[Work request] Begin at the line where "注意,强化技能是会消耗金钱的" appears and reproduce exactly every line through the end of the data below, both included, skipping pictures.
[[ Data, beginning ]]
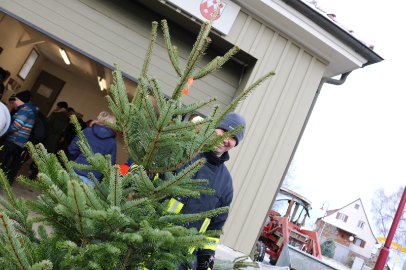 | Alle Jahre wieder....verkauften die Feuerwehrkameraden wunderschöne Christbäume vor dem Gerätehaus. Rund 75 Nordmannstannen fanden an diesem Vormittag ihren Besitzer. Die Kameraden konnten mit diesem Umsatz sehr zufrieden sein - und es gab auch dieses Mal wieder einen Glühwein oder einen heißen Punsch gratis zum Baum dazu. |
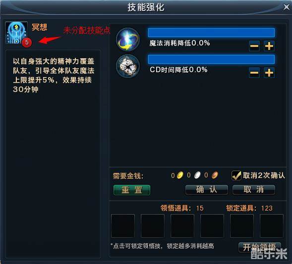 注意,强化技能是会消耗金钱的,每次确认时都会弹出消耗金钱的提示,进行2次确认。如果您不需要再次提示,您可以勾选“取消2次确认”。
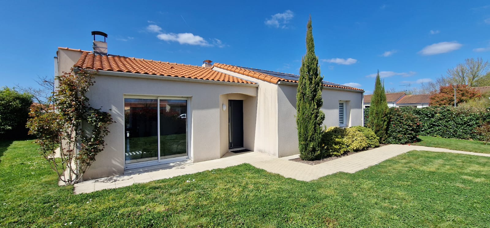 Proche de Clisson gare, sur la commune de Saint-Hilaire-de-Clisson, plain-pied comprenant salon/séjour avec poêle à bois et cuisine ouverte aménagée et équipée, 3 chambres, salle de bains, WC, buanderie, garage, panneaux photovoltaïques avec contrat jusqu'en 2029, rentabilité d'environ 2000 euros/an, panneaux solaires pour le deuxième chauffe-eau, récupérateur d'air chaud en intersaison, forage pour les toilettes et arrosage du jardin, abri de jardin, serre de culture avec espace potager.
[[ Data, end ]]
[Exercise output]
 注意,强化技能是会消耗金钱的,每次确认时都会弹出消耗金钱的提示,进行2次确认。如果您不需要再次提示,您可以勾选“取消2次确认”。
 Proche de Clisson gare, sur la commune de Saint-Hilaire-de-Clisson, plain-pied comprenant salon/séjour avec poêle à bois et cuisine ouverte aménagée et équipée, 3 chambres, salle de bains, WC, buanderie, garage, panneaux photovoltaïques avec contrat jusqu'en 2029, rentabilité d'environ 2000 euros/an, panneaux solaires pour le deuxième chauffe-eau, récupérateur d'air chaud en intersaison, forage pour les toilettes et arrosage du jardin, abri de jardin, serre de culture avec espace potager.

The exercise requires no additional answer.